Exercise. Recompile line-sorter.c and re-run mtrace as described, to determine the exact location of the call that allocated storage that was never deallocated. Using this additional information, find, diagnose, and correct the error that is causing the leak. Confirm that your solution worked (at least in this particular case).

5: Limiting memory tracing

The GNU library that contains mtrace also contains the function muntrace, which also takes no arguments and returns no value. The effect of invoking muntrace is to suspend the tracing of memory allocation and deallocation. Tracing resumes when and if another call to mtrace is executed.

For instance, if you're investigating whether a memory leak occurs within a particular block of code, you can put a call to mtrace at the beginning of the block and a call to muntrace at the end, and the memory-allocation system will track only operations inside the block.

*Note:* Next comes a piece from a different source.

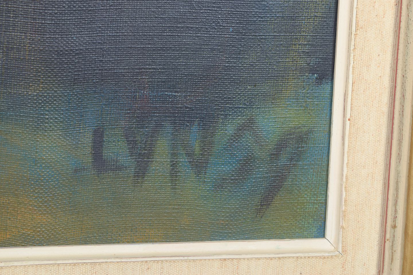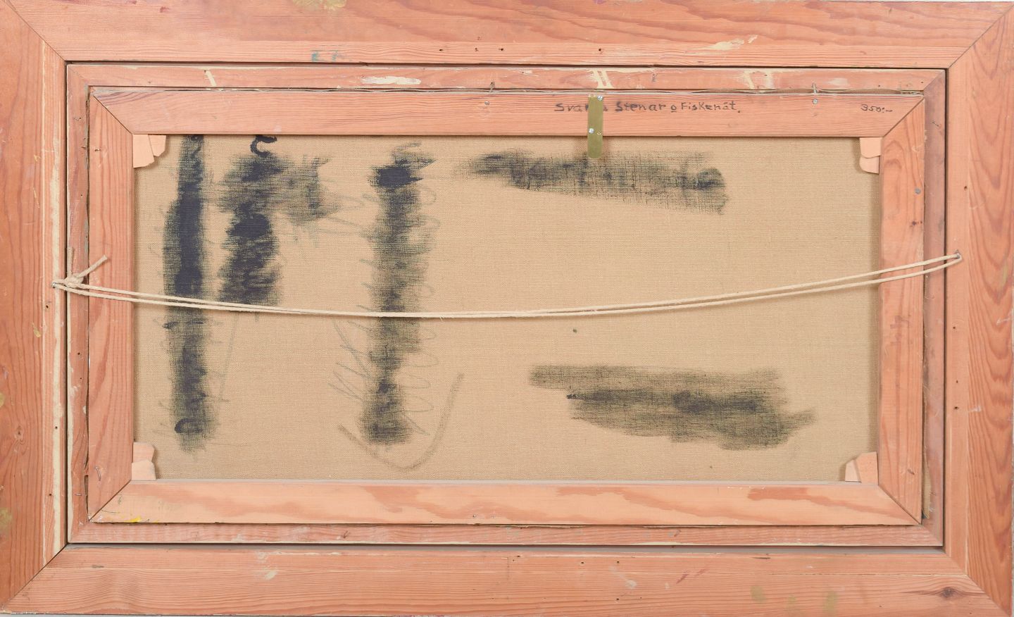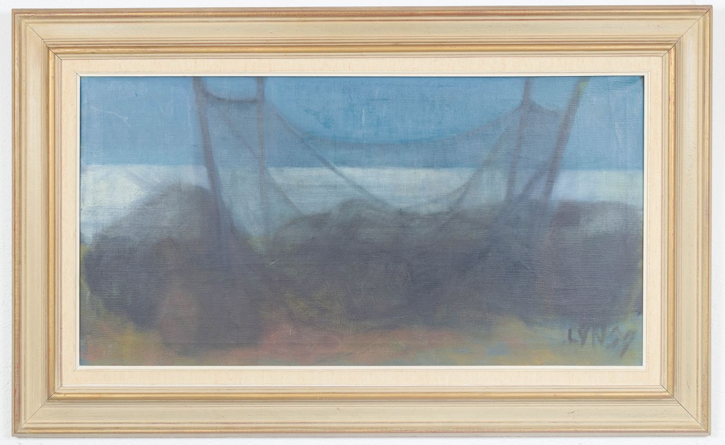 Lars Yngve Nilsson, “Svarta stenar o fiskenät”, oil on canvas, listed Swedish artist.Modernist composition with a stylised landscape motif, where dark forms and net-like structures are rendered in a subdued and atmospheric palette. Executed in oil on canvas, signed and dated 1959.

When a directory contains several files, perhaps even several standalone executables, that contain calls to mtrace, it can be difficult to keep track of which of them the log file currently pertains to. Another way to be more selective about memory tracing is to enclose the invocation of mtrace in compiler directives that make it conditional on the definedness of some identifier that the preprocessor will see -- MTRACING, perhaps:

#ifdef MTRACING mtrace(); #endif

The gcc compiler leaves the call to mtrace out of the executable that it constructs unless the identifier MTRACING has been defined. To activate it, recompile the code, giving gcc the command-line option -DMTRACING (“define MTRACING”).

Exercise. Conditionalize the call to mtrace that you added to line-sorter.c. Recompile that file without defining MTRACING and run the resulting executable on line-tester. Confirm (by checking timestamps) that the newly compiled version of line-sorter did not create an mtrace log file.